Dataset extract

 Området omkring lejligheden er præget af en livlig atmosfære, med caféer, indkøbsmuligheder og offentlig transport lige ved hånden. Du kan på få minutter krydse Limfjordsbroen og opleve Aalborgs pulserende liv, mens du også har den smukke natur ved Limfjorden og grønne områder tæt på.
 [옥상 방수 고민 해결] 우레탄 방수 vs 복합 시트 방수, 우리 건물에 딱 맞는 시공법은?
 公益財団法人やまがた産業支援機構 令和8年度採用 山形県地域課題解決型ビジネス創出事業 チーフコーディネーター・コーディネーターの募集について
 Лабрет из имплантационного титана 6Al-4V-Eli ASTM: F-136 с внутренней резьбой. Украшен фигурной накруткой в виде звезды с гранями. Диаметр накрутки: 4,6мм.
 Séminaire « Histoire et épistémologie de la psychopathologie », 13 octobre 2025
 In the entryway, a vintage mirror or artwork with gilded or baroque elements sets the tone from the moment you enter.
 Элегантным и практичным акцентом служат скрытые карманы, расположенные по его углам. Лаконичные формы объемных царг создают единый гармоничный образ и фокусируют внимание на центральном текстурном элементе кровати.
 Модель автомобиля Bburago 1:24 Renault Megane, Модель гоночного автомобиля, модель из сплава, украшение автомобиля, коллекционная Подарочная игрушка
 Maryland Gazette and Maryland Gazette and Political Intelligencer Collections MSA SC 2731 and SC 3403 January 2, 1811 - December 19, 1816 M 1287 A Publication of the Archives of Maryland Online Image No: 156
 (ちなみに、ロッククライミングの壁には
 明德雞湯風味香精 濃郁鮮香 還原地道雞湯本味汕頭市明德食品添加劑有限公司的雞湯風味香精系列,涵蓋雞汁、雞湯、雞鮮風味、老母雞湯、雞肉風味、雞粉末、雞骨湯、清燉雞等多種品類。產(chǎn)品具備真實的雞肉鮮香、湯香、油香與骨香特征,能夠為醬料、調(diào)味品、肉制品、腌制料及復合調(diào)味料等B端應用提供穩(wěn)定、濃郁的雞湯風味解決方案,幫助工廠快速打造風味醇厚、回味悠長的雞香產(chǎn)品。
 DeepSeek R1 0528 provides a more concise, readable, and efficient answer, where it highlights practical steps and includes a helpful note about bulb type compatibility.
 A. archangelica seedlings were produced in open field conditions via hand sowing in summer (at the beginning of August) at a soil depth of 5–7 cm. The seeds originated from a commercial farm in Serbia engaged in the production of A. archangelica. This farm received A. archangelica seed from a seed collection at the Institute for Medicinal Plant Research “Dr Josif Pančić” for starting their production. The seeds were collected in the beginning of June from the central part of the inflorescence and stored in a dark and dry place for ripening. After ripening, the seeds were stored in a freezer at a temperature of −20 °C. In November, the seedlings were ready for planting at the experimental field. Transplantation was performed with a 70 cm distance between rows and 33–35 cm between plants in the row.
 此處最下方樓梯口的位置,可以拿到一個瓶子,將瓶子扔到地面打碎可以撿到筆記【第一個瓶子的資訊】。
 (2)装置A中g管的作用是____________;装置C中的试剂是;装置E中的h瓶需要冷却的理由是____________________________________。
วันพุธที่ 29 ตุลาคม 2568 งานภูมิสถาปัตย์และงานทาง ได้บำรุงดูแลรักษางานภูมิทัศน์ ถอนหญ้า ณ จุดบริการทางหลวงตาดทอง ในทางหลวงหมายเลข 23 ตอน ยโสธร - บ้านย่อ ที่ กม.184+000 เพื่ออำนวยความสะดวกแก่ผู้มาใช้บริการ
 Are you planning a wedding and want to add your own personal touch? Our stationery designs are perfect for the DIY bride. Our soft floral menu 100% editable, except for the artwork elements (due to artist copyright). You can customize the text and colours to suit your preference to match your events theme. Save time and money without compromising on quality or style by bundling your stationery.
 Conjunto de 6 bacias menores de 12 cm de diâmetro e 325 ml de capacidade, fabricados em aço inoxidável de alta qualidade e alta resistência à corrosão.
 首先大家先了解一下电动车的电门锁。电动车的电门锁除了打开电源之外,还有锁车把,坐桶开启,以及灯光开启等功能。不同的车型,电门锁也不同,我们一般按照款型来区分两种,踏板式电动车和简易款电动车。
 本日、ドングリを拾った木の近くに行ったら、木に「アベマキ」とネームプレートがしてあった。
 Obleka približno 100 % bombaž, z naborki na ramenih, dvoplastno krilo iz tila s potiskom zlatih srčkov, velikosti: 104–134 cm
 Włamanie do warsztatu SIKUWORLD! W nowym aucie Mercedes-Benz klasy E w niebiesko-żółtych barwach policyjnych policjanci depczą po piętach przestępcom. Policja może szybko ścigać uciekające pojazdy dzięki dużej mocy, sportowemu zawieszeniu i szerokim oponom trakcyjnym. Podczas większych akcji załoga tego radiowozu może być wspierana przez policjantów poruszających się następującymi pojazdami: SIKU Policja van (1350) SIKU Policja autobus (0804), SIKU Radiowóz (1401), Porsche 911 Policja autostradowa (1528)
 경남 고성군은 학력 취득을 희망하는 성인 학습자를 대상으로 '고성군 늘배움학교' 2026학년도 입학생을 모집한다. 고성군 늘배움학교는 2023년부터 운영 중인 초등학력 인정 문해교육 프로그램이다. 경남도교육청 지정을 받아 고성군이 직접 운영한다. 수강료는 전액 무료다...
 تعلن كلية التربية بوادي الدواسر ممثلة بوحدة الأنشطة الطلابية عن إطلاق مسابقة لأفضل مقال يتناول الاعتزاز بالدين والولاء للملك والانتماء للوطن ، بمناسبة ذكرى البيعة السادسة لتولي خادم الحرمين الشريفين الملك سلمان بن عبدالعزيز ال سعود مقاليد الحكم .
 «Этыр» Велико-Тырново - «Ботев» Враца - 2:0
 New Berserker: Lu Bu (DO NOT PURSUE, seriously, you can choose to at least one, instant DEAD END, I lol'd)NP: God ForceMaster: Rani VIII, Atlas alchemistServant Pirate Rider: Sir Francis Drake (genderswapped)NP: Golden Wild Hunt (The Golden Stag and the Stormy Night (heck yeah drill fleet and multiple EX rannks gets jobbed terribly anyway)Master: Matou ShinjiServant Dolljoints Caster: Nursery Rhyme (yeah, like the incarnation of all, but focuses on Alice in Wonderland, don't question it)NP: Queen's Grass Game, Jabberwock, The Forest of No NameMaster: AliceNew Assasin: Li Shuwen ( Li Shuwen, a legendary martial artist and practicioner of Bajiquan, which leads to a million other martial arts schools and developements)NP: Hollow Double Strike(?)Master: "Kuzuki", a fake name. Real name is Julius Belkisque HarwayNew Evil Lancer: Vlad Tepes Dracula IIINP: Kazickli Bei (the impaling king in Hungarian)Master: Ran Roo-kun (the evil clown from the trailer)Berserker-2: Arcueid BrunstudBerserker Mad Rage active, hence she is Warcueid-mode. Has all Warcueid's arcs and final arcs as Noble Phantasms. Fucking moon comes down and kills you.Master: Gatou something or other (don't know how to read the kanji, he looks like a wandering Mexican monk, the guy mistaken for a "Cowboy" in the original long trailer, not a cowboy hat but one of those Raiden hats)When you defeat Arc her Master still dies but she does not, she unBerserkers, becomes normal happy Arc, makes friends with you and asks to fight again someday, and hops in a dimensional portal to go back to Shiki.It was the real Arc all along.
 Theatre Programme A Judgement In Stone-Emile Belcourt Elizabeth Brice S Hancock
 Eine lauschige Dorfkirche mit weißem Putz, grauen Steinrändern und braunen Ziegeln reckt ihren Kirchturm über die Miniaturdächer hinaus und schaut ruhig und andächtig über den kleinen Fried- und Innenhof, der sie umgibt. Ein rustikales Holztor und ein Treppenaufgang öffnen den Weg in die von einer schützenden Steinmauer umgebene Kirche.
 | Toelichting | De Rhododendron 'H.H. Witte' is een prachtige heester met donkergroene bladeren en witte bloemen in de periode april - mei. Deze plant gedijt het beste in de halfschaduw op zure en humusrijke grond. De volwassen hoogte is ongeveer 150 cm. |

What you need to do
Write down exactly the span of lines above from the one containing "[옥상 방수 고민 해결]" to the one containing "DeepSeek R1 0528", both ends included.

Solution to this problem
 [옥상 방수 고민 해결] 우레탄 방수 vs 복합 시트 방수, 우리 건물에 딱 맞는 시공법은?
 公益財団法人やまがた産業支援機構 令和8年度採用 山形県地域課題解決型ビジネス創出事業 チーフコーディネーター・コーディネーターの募集について
 Лабрет из имплантационного титана 6Al-4V-Eli ASTM: F-136 с внутренней резьбой. Украшен фигурной накруткой в виде звезды с гранями. Диаметр накрутки: 4,6мм.
 Séminaire « Histoire et épistémologie de la psychopathologie », 13 octobre 2025
 In the entryway, a vintage mirror or artwork with gilded or baroque elements sets the tone from the moment you enter.
 Элегантным и практичным акцентом служат скрытые карманы, расположенные по его углам. Лаконичные формы объемных царг создают единый гармоничный образ и фокусируют внимание на центральном текстурном элементе кровати.
 Модель автомобиля Bburago 1:24 Renault Megane, Модель гоночного автомобиля, модель из сплава, украшение автомобиля, коллекционная Подарочная игрушка
 Maryland Gazette and Maryland Gazette and Political Intelligencer Collections MSA SC 2731 and SC 3403 January 2, 1811 - December 19, 1816 M 1287 A Publication of the Archives of Maryland Online Image No: 156
 (ちなみに、ロッククライミングの壁には
 明德雞湯風味香精 濃郁鮮香 還原地道雞湯本味汕頭市明德食品添加劑有限公司的雞湯風味香精系列,涵蓋雞汁、雞湯、雞鮮風味、老母雞湯、雞肉風味、雞粉末、雞骨湯、清燉雞等多種品類。產(chǎn)品具備真實的雞肉鮮香、湯香、油香與骨香特征,能夠為醬料、調(diào)味品、肉制品、腌制料及復合調(diào)味料等B端應用提供穩(wěn)定、濃郁的雞湯風味解決方案,幫助工廠快速打造風味醇厚、回味悠長的雞香產(chǎn)品。
 DeepSeek R1 0528 provides a more concise, readable, and efficient answer, where it highlights practical steps and includes a helpful note about bulb type compatibility.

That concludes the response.